Du 11 mai au 23 juin 2011, la Nef du Grand Palais héberge Monumenta 2011 : comme les années précédentes, une oeuvre monumentale d’un artiste contemporain, créée explicitement pour ce lieu. Cette année, c’est Anish Kapoor, sculpteur de formes idéalisées, qui se prête au jeu et nous offre Leviathan : une oeuvre, voire deux.

Dans Leviathan : luminescence rouge, alvéoles

D’abord une Inflatable structure

Invité à produire une oeuvre de l’envergure de la Nef du Grand Palais, Anish Kapoor a produit une forme et une couleur spécifiquement adaptée à l’immensité et au style Art nouveau de la Nef. Fidèle aux intentions qui caractérisent son oeuvre, Kapoor s’oriente vers la canonicité, l’idéalité d’une forme qui se libère de la main de l’artiste. Elle n’est alors plus qu’une expression épurée, une question, des questions ou plutôt des doutes sur la dualité de toute son expérience : animé/inanimé, ouvert/fermé, intérieur/extérieur, plein/vide, lumière/pénombre, peinture/sculpture. Pour aller encore plus loin, on peut avancer que l’objectif est même de se libérer du matériau solide : le sculpteur procède normalement par assemblage, en ajoutant de la matière, ou par taille, en enlevant de la matière. Dans cette Inflatable structure, la forme n’existerait pas sans l’air qu’elle contient, c’est une sculpture d’air sous surpression de 100m de long dans un espace où la pression est normale, sa « peau » n’est épaisse que de 2mm.

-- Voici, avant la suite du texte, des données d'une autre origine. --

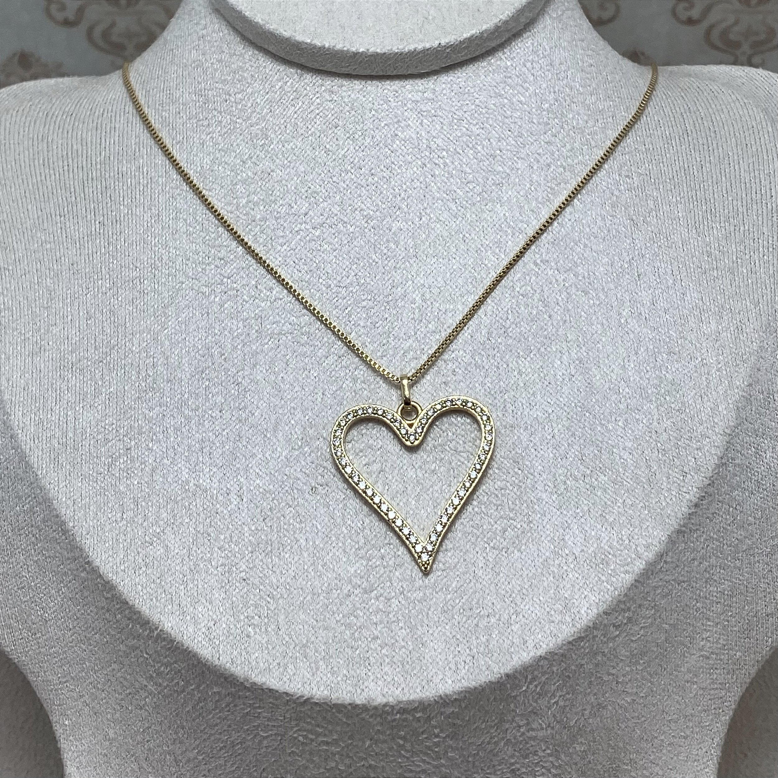 Colar Coração Vazado Grande Semijoia Ouro
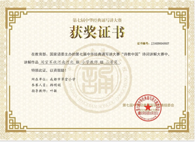 此次获奖,是韩明娟老师专业素养的彰显,更是人文青羊、诗韵草小诗词教育的丰硕成果。优异成绩的取得,更离不开青羊区教研员的全程护航与学校的全力托举。青羊教科院相关负责人表示,未来,青羊区将继续以经典诵写讲赛事为纽带,让诗词浸润课堂与生活,厚植师生家国情怀,让中华优秀传统文化在校园薪火相传。
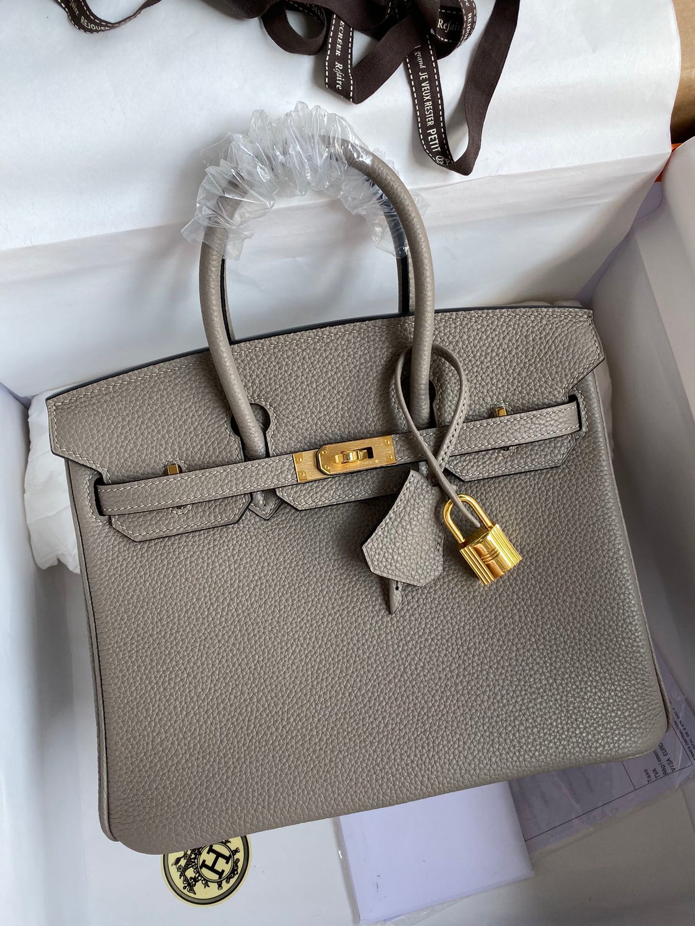 Handmade Leather Birkin 25cm in Asphalt Gray with Gold Accents
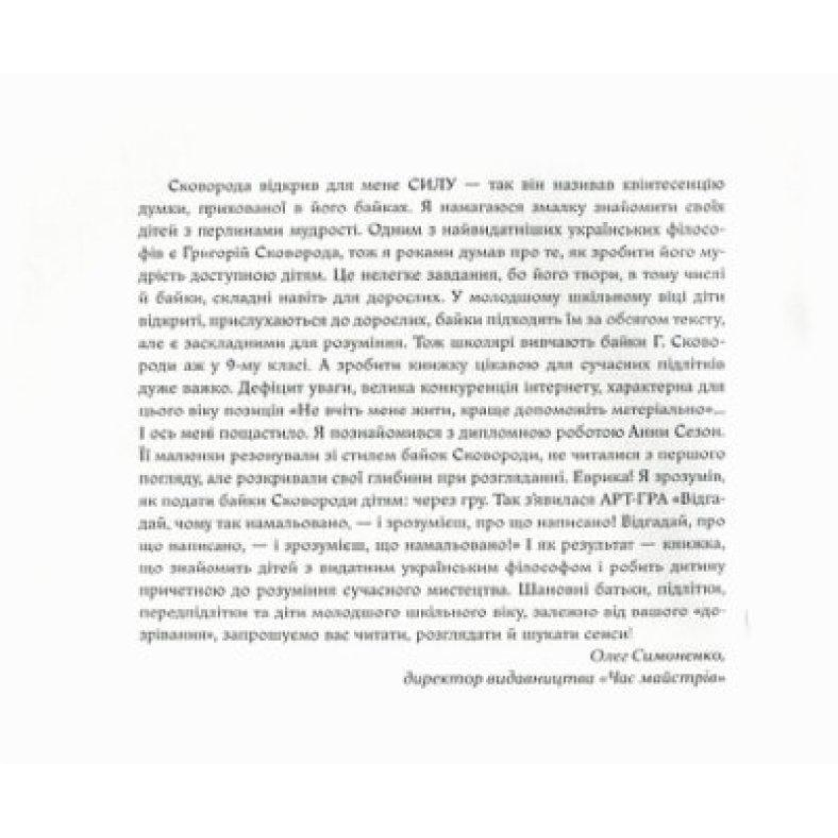 Краще дітям від Григорія Сковороди! Збірка містить вибрані байки Григорія Сковороди в переказі Олександра Виженка і малюнках-загадках Анни Сезон. Видання призначене для широкої аудиторії: від молодших школярів до їхніх батьків. Ця книжка — не просто ілюстрована збірка байок. Це артбук, малюнки в якому незвичні, не завжди зрозумілі й подекуди абстрактні, але вони надають давнім реаліям новітньої форми і разом з ними стають цікавинкою для сучасних дітей. Як байки Григорія Сковороди приховують у собі мудрість, так і малюнки Анни Сезон приховують у собі загадки і спонукають розгадати таємниці їхніх образів. Ілюстрації шокують читача, бентежать, веселять, можуть навіть і обурювати — і саме це дає поштовх до пізнання, розпалює бажання їх зрозуміти. Тексти Сковороди в оригіналі непрості навіть для дорослих. Ми спрощуємо їх сприйняття, зберігаючи авторський стиль і цілісність завдяки переказу письменника, казкаря та філософа Олександра Виженка, який два десятки років досліджував життя і творчість Григорія Сковороди, а завдяки ілюстраціям-загадкам перетворюємо читання байок на дитячу гру. У цій арт-грі ми змінюємо орієнтири, відкриваємо нові світи для вас і вашої дитини. Кожна гра містить 4 частини: байку, малюнок, силу байки та підказку до малюнка від художниці. Шановні батьки, підлітки та діти молодшого шкільного віку, залежно від вашого «дозрівання», запрошуємо вас читати, розглядати й шукати сенс! Девіз: Пропонуємо вам ноу-хау в літературі для дітей: пізнання через АРТ-ГРУ! Сковорода — це сила. Зробіть його частиною мисленого простору своєї дитини!

La structure de la nef commence à apparaître.

… puis un Leviathan

Si Inflatable structure pouvait désigner le projet (par opposition à l’autre projet d’Anish Kapoor, Entropic landscape dont nous parlerons dans un autre billet), ce n’était pas le titre de l’oeuvre. Kapoor a longtemps résisté aux demandes incessantes de lui donner un nom. Le faire, surtout lorsqu’on choisit Leviathan, c’est immédiatement lui imposer des références si identifiables, si précises qu’elles la dénaturent, l’orientent. La dualité entre la sensation presque intra-utérine, protectrice et son contraire intra-stomacal menace de s’envoler lorsqu’on pense Leviathan. C’est ainsi que l’on peut se plaire à distinguer deux oeuvres : la sculpture, et son titre. A quoi renvoie Leviathan ? D’abord au monstre biblique, mais aussi à l’ouvrage de philosophie politique de Hobbes, et c’est plutôt à ce dernier qu’Anish Kapoor semble faire référence. Des pistes de réflexion par rapport à l’oeuvre ? Dans Leviathan, Hobbes défend la thèse selon laquelle l’absence de société, le fait de laisser l’humanité à l’état de nature mène au chaos, et que la seule solution pour y remédier est d’établir un solide gouvernement : c’est le contrat social entre sécurité et obéissance, qui s’il est rompu par un gouvernement n’assurant plus la sécurité, laisse les hommes revenir à l’état de nature. Je n’en dis pas plus… seulement que plus j’y pense et plus je me dis que Kapoor a peut-être voulu aller encore plus loin que ses prédécesseurs : Leviathan, c’est la sculpture et le Grand Palais.

Double architecture. Distorsion de la structure de la nef.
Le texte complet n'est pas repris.